Set your clocks for March 28th folks.
Any others? Ever hear of a “leak-out” agreement? Very appropriately named here.
“Prior to the offering, Jipsy Trade Limited owned an aggregate of 1,485,000 Ordinary Shares, of which 1,485,000 Ordinary Shares are being registered pursuant to the Resale Prospectus. Jipsy Trade Limited’s right to sell those 1,485,000 Ordinary Shares is subject to certain resale restrictions based on a leak-out agreement, as well as any Rule 144 restrictions.”
Those restrictions?
a) Jipsy Trade Limited may sell up to 33% of the Relevant Resale Shares if (i) the Nasdaq Official Closing Price of the Ordinary Shares of the Company as reported on nasdaq.com (“NOCP”) on ally two consecutive trading days equals or exceeds 120% of the offer price per share in the initial public offer; and (ii) the average daily trading volume (as reported as the NLS Volume on nasdaq.com) (“Trading Volume”) of the Ordinary Shares on Nasdaq over such two consecutive trading days equals or exceeds 100,000 Ordinary Shares;
(b) Jipsy Trade Limited may sell up to an additional 33% of the Relevant Resale Shares if (i) the NOCP on any two consecutive trading days equals or exceeds 140% of the offer price per share in the initial public offering; and (ii) the average daily Trading Volume of the Ordinary Shares on the Nasdaq over such two consecutive trading days equals or exceeds 120,000 Ordinary Shares;
(c) Jipsy Trade Limited may sell the remaining 34% of the Relevant Resale Shares if (i) the NOCP on any two consecutive trading days equals or exceeds 160% of the offer price per share in the initial public offering; and (ii) the average daily Trading Volume of the Ordinary Shares on Nasdaq over such two consecutive trading days equals or exceeds 150,000 Ordinary Shares.

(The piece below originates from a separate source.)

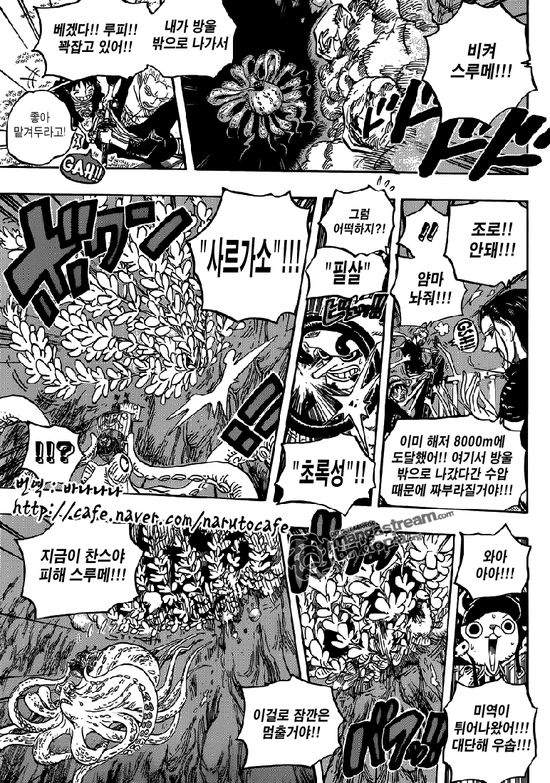 루피와 쵸파가 우솝 엄청 잘했다면서 칭찬을 하고 있죠. 그런데 옆에 조로 표정...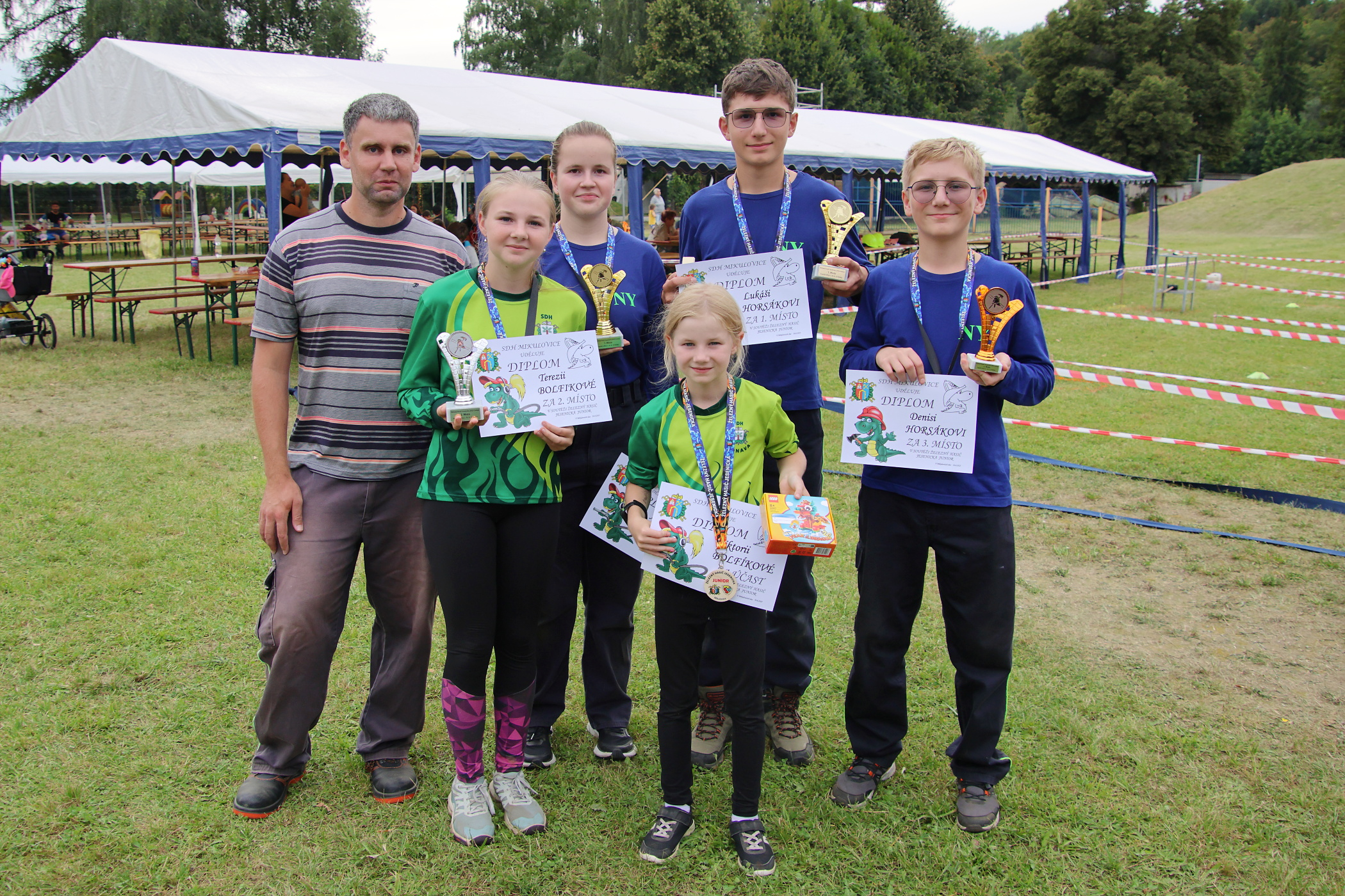 Ráno jsme se na místo dostavili s mladými hasiči Mercedesem. Po nástupu se začalo soutěžit na travnaté ploše přímo za domem s pečovatelskou službou. V rámci mladší kategorie se dostavila dvě družstva z Bernartic, tři z Lipové Lázně, jedno ze Staré Červené Vody, dvě z Velké Kraše a jedno ze Zlatých Hor. My jsme měli jen družstvo starších. V této kategorii nastoupila ještě družstva z Bernartic, dvě z Lipové Lázně, Velké Kraše a Zlatých Hor.

The rest of the holders? No such lockup or standstill agreements in place, just the standard 144 rules for any of them should they happen to be affiliates.
This thing didn’t need any money. They supposedly raised $24M from those 6 investors just last September, which is more than twice the amount of total equity the company had at the end of March 2023. Selling an additional 1.4M shares in this offering is going to do absolutely nothing for them. Sure, they have a section called “use of proceeds” that is standard in every prospectus, where they will use 30% for prospective acquisitions, and 20% for R&D, and 20% to increase warehouse capacity in their zero growth industry, and the rest to pay the costs of the offering, but that is all boilerplate.
This is yet another blatant example of foreign companies (typically Chinese) looting US shareholders in a very obvious and in-your-face fashion. Until the SEC decides to put an end to this nonsense, the looting will continue.